TASK INSTRUCTIONS: Look below for the lines from the one with "La page suivante" to the one with "Full-gauge 0.37 in.", and copy exactly those lines, both ends included.

Stored dataset items:

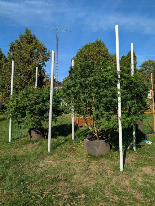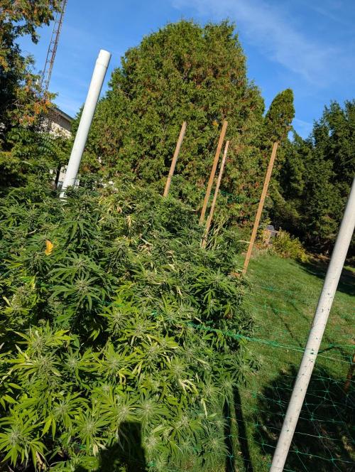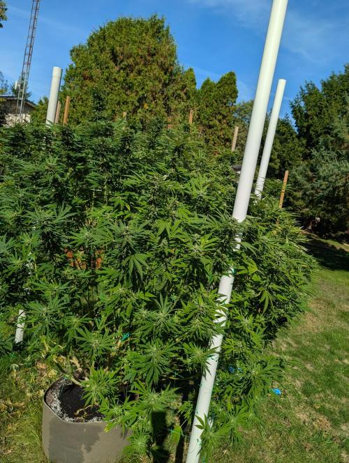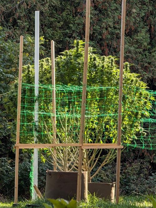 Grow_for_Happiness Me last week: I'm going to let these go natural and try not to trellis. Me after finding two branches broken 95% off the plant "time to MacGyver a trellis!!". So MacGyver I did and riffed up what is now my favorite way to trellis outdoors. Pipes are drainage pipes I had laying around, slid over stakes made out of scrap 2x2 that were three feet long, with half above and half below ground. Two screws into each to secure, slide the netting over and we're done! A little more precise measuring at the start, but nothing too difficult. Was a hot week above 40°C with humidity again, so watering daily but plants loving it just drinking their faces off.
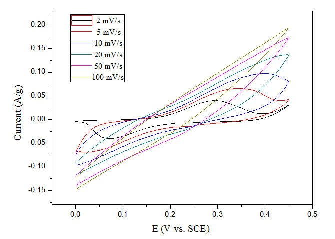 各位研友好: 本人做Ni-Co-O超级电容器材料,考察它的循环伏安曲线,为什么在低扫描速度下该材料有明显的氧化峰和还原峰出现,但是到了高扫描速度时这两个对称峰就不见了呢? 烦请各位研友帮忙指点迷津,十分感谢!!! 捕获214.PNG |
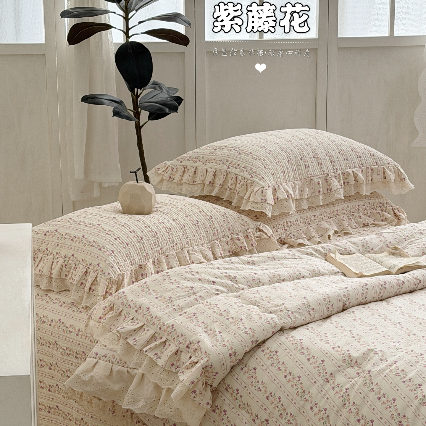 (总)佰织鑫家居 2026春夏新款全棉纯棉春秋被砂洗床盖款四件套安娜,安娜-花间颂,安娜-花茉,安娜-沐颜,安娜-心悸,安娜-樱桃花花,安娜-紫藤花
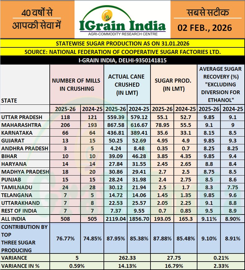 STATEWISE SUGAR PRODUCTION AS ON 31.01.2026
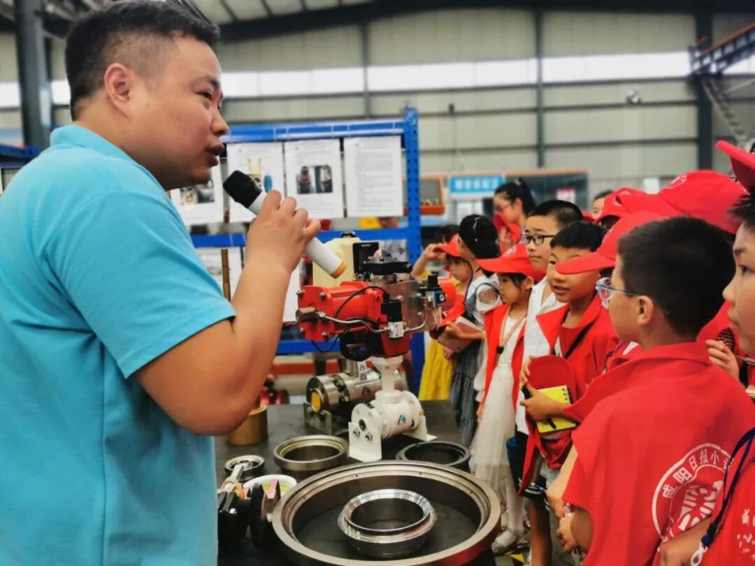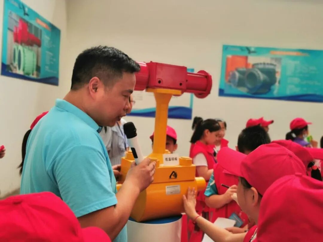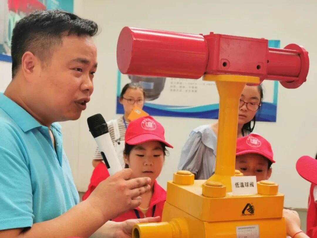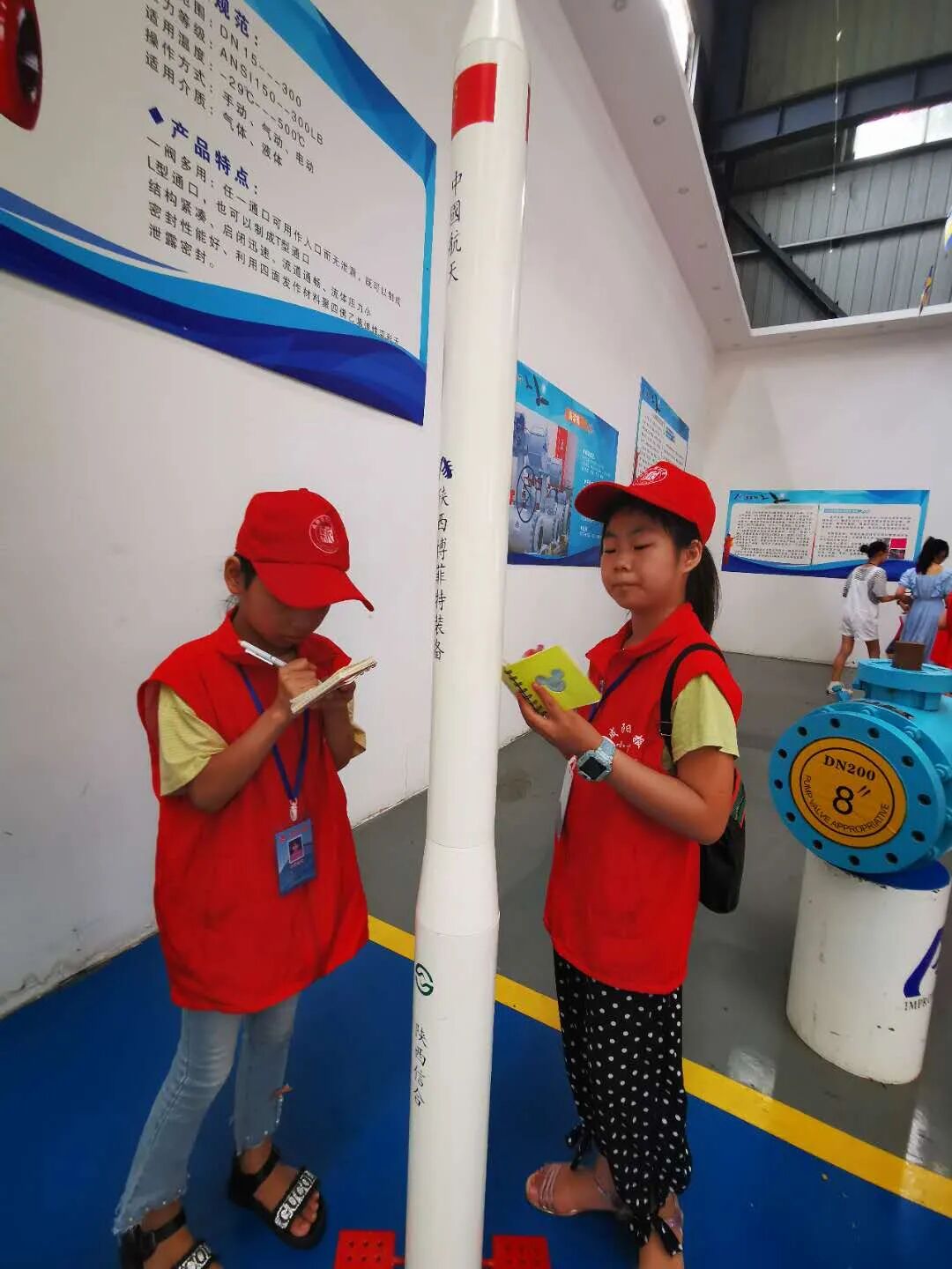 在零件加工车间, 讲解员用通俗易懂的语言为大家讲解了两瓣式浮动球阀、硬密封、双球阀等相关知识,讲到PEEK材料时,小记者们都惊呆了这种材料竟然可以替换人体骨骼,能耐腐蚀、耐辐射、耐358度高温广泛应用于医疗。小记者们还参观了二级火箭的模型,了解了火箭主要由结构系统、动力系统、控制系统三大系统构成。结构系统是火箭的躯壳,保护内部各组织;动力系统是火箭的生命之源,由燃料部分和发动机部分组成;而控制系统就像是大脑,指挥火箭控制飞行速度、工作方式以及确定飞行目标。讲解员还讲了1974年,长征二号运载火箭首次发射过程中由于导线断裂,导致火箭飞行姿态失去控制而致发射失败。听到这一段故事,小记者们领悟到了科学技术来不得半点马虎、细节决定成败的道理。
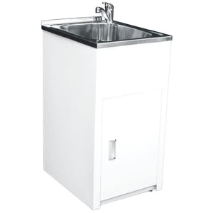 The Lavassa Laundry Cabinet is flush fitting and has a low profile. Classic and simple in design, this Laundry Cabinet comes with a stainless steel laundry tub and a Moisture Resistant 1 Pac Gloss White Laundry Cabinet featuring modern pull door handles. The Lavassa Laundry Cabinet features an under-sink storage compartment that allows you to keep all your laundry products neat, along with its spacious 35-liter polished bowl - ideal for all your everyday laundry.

--

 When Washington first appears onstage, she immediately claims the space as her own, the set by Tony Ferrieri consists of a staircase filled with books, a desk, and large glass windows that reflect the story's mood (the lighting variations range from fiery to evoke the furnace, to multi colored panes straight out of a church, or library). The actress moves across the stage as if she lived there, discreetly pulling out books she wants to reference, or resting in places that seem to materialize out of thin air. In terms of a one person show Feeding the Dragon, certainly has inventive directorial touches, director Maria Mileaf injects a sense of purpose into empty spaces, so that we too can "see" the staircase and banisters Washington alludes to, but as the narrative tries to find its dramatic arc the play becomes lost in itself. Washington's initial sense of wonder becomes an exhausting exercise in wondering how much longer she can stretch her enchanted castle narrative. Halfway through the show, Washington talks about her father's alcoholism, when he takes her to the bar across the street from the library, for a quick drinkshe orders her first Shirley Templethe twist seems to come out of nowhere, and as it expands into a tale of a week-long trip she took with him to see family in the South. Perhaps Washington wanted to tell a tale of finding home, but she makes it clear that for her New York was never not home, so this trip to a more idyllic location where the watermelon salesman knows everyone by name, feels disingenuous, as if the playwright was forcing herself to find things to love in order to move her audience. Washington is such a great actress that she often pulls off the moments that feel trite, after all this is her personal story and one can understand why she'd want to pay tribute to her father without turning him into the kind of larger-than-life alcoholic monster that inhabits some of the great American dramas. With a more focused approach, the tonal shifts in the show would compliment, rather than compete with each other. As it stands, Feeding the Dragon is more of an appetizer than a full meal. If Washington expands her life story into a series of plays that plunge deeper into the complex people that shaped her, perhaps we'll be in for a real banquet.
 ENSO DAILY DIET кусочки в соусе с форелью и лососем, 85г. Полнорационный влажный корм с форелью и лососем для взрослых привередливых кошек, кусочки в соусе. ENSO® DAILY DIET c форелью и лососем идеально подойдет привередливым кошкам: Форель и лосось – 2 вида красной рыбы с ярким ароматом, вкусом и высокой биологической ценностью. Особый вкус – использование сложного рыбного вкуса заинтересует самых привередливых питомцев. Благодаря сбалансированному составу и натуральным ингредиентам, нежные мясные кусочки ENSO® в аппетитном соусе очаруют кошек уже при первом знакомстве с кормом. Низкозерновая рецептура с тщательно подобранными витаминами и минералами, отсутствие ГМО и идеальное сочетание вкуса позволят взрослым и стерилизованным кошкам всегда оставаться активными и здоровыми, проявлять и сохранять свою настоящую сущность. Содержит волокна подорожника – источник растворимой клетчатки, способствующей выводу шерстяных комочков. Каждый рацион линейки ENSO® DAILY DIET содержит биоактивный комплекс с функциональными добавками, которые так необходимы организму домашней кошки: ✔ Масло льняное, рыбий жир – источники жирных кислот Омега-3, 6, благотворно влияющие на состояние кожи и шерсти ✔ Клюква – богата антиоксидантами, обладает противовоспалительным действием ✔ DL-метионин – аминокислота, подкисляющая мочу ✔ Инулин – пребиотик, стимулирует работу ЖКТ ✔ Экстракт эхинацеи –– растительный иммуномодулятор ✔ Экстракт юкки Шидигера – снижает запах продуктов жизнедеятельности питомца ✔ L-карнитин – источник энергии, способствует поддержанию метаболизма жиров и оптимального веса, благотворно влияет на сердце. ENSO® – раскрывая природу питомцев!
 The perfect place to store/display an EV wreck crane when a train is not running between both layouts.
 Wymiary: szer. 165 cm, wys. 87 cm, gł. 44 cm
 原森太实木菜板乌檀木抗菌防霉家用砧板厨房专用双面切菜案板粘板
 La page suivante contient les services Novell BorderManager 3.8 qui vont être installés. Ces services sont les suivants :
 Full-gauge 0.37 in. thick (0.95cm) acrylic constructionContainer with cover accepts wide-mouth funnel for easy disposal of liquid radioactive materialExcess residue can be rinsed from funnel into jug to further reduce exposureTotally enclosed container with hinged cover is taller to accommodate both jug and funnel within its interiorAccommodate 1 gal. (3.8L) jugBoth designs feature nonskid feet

RESPONSE AREA:
 La page suivante contient les services Novell BorderManager 3.8 qui vont être installés. Ces services sont les suivants :
 Full-gauge 0.37 in. thick (0.95cm) acrylic constructionContainer with cover accepts wide-mouth funnel for easy disposal of liquid radioactive materialExcess residue can be rinsed from funnel into jug to further reduce exposureTotally enclosed container with hinged cover is taller to accommodate both jug and funnel within its interiorAccommodate 1 gal. (3.8L) jugBoth designs feature nonskid feet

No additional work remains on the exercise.